The murine beta-globin locus control region regulates the rate of transcription but not the hyperacetylation of histones at the active genes

Abstract

Locus control regions (LCRs) are defined by their ability to confer high-level tissue-specific expression to linked genes in transgenic assays. Previously, we reported that, at its native site, the murine beta-globin LCR is required for high-level beta-globin gene expression, but is not required to initiate an open chromatin conformation of the locus. To further investigate the mechanism of LCR-mediated transcriptional enhancement, we have analyzed allele-specific beta-globin expression and the pattern of histone acetylation in the presence and absence of the LCR. In single cells from mice heterozygous for a deletion of the LCR, beta-globin expression from the LCR-deleted allele is consistently low ( approximately 1-4% of wild type). Thus, the endogenous LCR enhances globin gene expression by increasing the rate of transcription from each linked allele rather than by increasing the probability of establishing transcription per se. Furthermore, in erythroid cells from mice homozygous for the highly expressing wild-type beta-globin locus, hyperacetylation of histones H3 and H4 is localized to the LCR and active genes. In mice homozygous for the LCR deletion reduced histone hyperacetylation is observed in LCR proximal sequences; however, deletion of the LCR has no effect on the localized hyperacetylation of the genes. Together, our results suggest that, in its native genomic context, the LCR follows the rate model of enhancer function, and that the developmentally specific hyperacetylation of the globin genes is independent of both the rate of transcription and the presence of the LCR.

Figure 1

Transcription from individual β-globin alleles in ΔLCR and wt mice. RNA from mice heterozygotic for the Hbb^D allele (D), and the Hbb^S allele (S) was analyzed from individual reticulocytes by RT-PCR. The targeted deletion of the LCR deletion is on the D allele, whereas the S allele is wt. Representative samples of 10-cell pools (10), single cells (1), and no-cell controls (0) from wt D/S mice and ΔLCR-D/S mice are shown. WT D/S, wt D/S animals; ΔLCR-D/S, mutant ΔLCR-D/S mice. S and D mark the RT-PCR products from the S and D alleles, respectively.

Figure 2

Quantitation of transcription from individual β-globin alleles in ΔLCR and wt mice. The ratio of expression from the D allele to that from the S allele for wt D/S animals (WT) or mutant ΔLCR-D/S mice (ΔLCR). Data from 10-cell pools and individual cells are shown.

Figure 3

Analysis of histones H3 and H4 acetylation across the wt and ΔLCR mouse β-globin locus. Chromatin was immunoprecipitated with an Ab that detects all acetylated variants of histone H4 [aH4-Ac] and an Ab that detects acetylated lysines 9 and 14 of histone H3 [aH3-Ac]. Abundance of the mouse globin sequence was detected relative to the mouse amylase gene, which is hypoacetylated in erythroid cells (12).
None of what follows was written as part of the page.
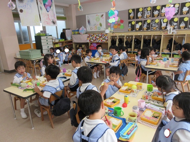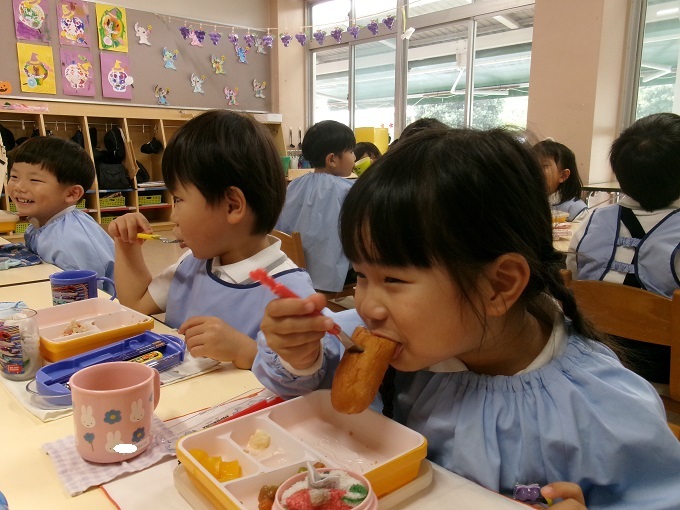 姫ゆりぐみのお兄さんお姉さんと一緒に給食を食べました。 ペロッと完食する姿を見て年少さんも残さず食べようと頑張っていました。 流石お兄さんお姉さん‼ | ||

Duplex PCR was performed on the input and Ab-bound fraction from the chromatin IPs by using amylase- and βglobin-specific primers. In each set, the amylase amplification product is marked with an asterisk. The β-globin amplicons are numbered in 5′ to 3′ direction of the locus. Locations of the amplicons in the locus are shown in Fig. 4 and primer sequences are listed in Table 1. Quantification of the ratio of globin to amylase is pictured in Fig. 4 and reveals up to 25-fold enrichment of globin sequences in the bound fraction. The figure shows the amplification products from one of three independent experiments.

Figure 4

Quantification of duplex PCR results. Position of amplicons in the β-globin locus and quantification of chromatin IP results. The ratios of products obtained with the β-globin and amylase primers were determined for each input and Ab-bound sample for the wt and ΔLCR locus. The ratio for the bound fraction is normalized to the input to determine the relative level of enrichment. Enrichment of the globin sequences is reflected by a number >1. The x axis is drawn at 1, reflecting no enrichment. Shown are the averages of enrichment with standard deviation from three independent IPs.